Справившаяся с насморком миссис Куни прервала их беседу. Белыми-белыми руками Тедди Шмидт разорвал надвое билеты, и Элейн проследовала за своей матерью в привычную темноту зала.

Когда на экране замелькали титры, Элейн шепнула:

— Мама.

— Что? — не отрываясь от экрана, спросила миссис Куни.

— Можно мне в воскресенье поехать к морю?

— К какому морю?

— К морю. Меня пригласил билетер. Он едет, и я могу поехать с ним.

— Не знаю. Посмотрим.

На экране появился мужчина, и Элейн, мгновенно переключив на него внимание, сунула в рот палец. Прошло минут десять, прежде чем миссис Куни сказала:

— У тебя нет купального костюма.

— Что? — переспросила Элейн, захваченная экранным действом.

— У тебя нет купального костюма.

— Я куплю.

Миссис Куни кивнула в темноте, и на некоторое время море было забыто, тем не менее происходящее на экране окрасилось новыми для матери и дочери Куни чувствами, которые пробуждала в них неожиданно начавшаяся любовная история.

На другой день, в субботу, когда Элейн с матерью возвращались домой из другого кинотеатра, миссис Куни дала дочери материнский совет:

— Не позволяй завтра мудрить с собой.

— Что? — переспросила Элейн.

— Не позволяй завтра никому мудрить с собой. В машине друга или в другом месте. Не веди себя как дурочка.

Элейн шла рядом с матерью и, приоткрыв рот, внимательно ее слушала.

— Будь осторожна, — посоветовала ей мать.

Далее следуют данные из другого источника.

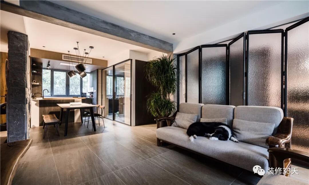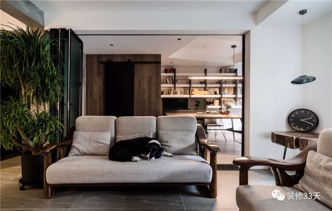 ▲ 实木结合布艺的耐用家具,搭配繁茂的绿植,后方采用折叠玻璃移门作书房的隔断

— Как? — переспросила Элейн.

— Будь осторожна, — повторила миссис Куни. — Хорошо бы твоя бабушка убирала после себя газеты в гостиной, — проговорила она с куда большим чувством. — Мне уже надоело ходить за ней. Надоело, надоело, надоело.

На другое утро без десяти девять Элейн стояла возле дома, держа в руках дешевую сумку с дешевым ярко-синим купальным костюмом, тоненькой и ненадежной купальной шапочкой и полотенцем. Поставив сумку на свою маленькую ножку, она принялась ждать. День был на редкость ясный и солнечный, и легкий ветерок, словно специально появившись, шевелил волосы Элейн. Не меньше трех машин, в которых сидели мужчины, сбросили скорость, проезжая мимо и сигналя ей. Один мужчина даже остановился и открыл дверцу.

— Нам не по дороге, крошка?

— Нет. За мной приедет молодой человек, — сказала Элейн.

— Он не приедет, — покачал головой мужчина. — Он мне сказал.

Элейн не поверила.

— Когда? — спросила она.

Мужчина не сводил с нее глаз.

— Как тебя зовут, крошка? — спросил он.

— Элейн. Элейн Ку-у-у-ни.

Радом затормозила машина, в которой сидел Тедди Шмидт. Элейн узнала Тедди, выглядывавшего в заднее окошко, и улыбнулась. Мужчина уехал.

Тедди вылез из машины, когда уже было без двадцати одиннадцать.

— Извини, что опоздал, — крикнул он отнюдь не виноватым голосом. — Фрэнк не мог найти ключи!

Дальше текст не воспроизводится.